Invention Title:

SYSTEMS AND TECHNIQUES TO PERFORM 4D-GUIDED VIDEO GENERATION WITH DIFFUSION MODELS

Publication number:

US20250378674

Publication date:
Section:

Physics

Class:

G06V10/44

Inventors:

Assignee:

Applicant:

Smart overview of the Invention

Embodiments introduce systems and techniques for generating four-dimensional (4D) videos using diffusion models. By receiving a prompt and an input mesh, keyframes are generated from depth and UV coordinate maps. These keyframes undergo feature extraction and are processed through a diffusion model to create the 4D video. The process involves UV-guided noise initialization and feature injection into the diffusion model, enhancing temporal consistency and quality.

Background

Diffusion models are mathematical frameworks used to describe the dispersion of entities within a system, applicable across various fields such as computer vision and machine learning. These models iteratively transform an initial distribution into a target distribution, enabling realistic data generation. They are particularly useful for tasks like image synthesis and data generation, providing insights into complex system dynamics.

Challenges and Solutions

Traditional 3D content creation is labor-intensive and challenging to automate. Emerging text-to-video diffusion models offer automation but lack control over scene layout and motion. The discussed systems combine dynamic 3D meshes with diffusion models' capabilities, allowing for high-quality, temporally consistent frame generation. This approach leverages ground truth correspondence from dynamic meshes to enhance video generation.

Technical Details

The system integrates 3D workflows with text-to-image models to create 4D-guided animations. By determining correspondence information from input meshes, the system ensures temporal consistency through UV-space noise initialization. Self-attention layers are enhanced to maintain spatial appearance consistency, utilizing depth cues and control models for structural guidance. This framework employs a pre-trained text-to-image diffusion model as a multi-frame renderer.

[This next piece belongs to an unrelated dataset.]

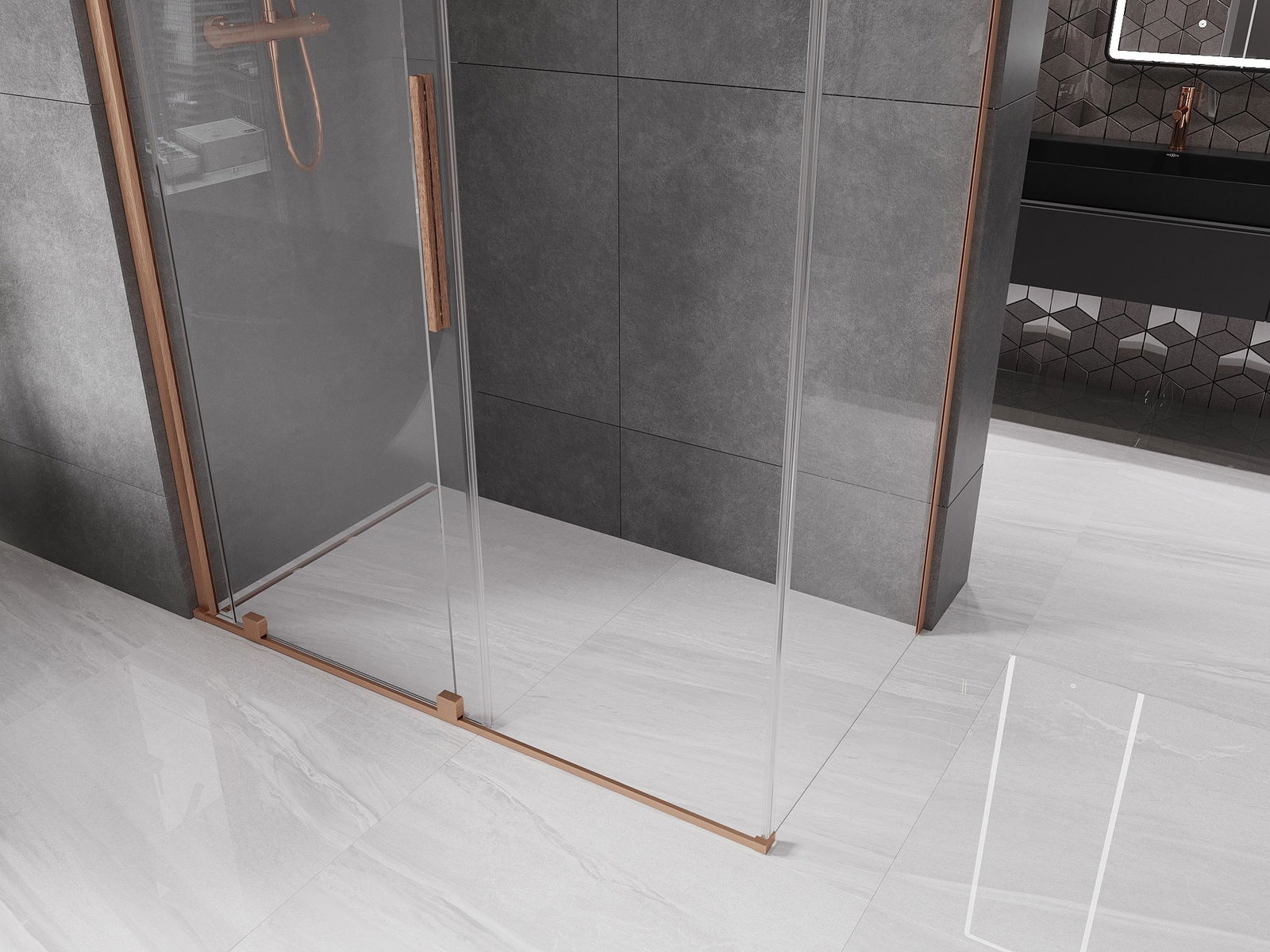 Der praktische und bequeme Griff ist aus rostfreiem Stahl gefertigt. Die modische Form, kombiniert mit einer auf die Farbe der Profile abgestimmten Oberfläche, verleiht dem Ganzen ein modernes und stilvolles Aussehen, das die Ästhetik eines jeden Badezimmers aufwertet.

Implementation and Advantages

The system converts scene-level proxy meshes into 4D animations using depth and UV coordinate maps as guiding channels. Through a diffusion process, these inputs guide the generation of high-fidelity, consistent animations. The method improves upon previous solutions by introducing a UV-space noise initialization mechanism and correspondence-aware attention, applicable to various machine learning systems. This approach enables efficient and controllable video generation.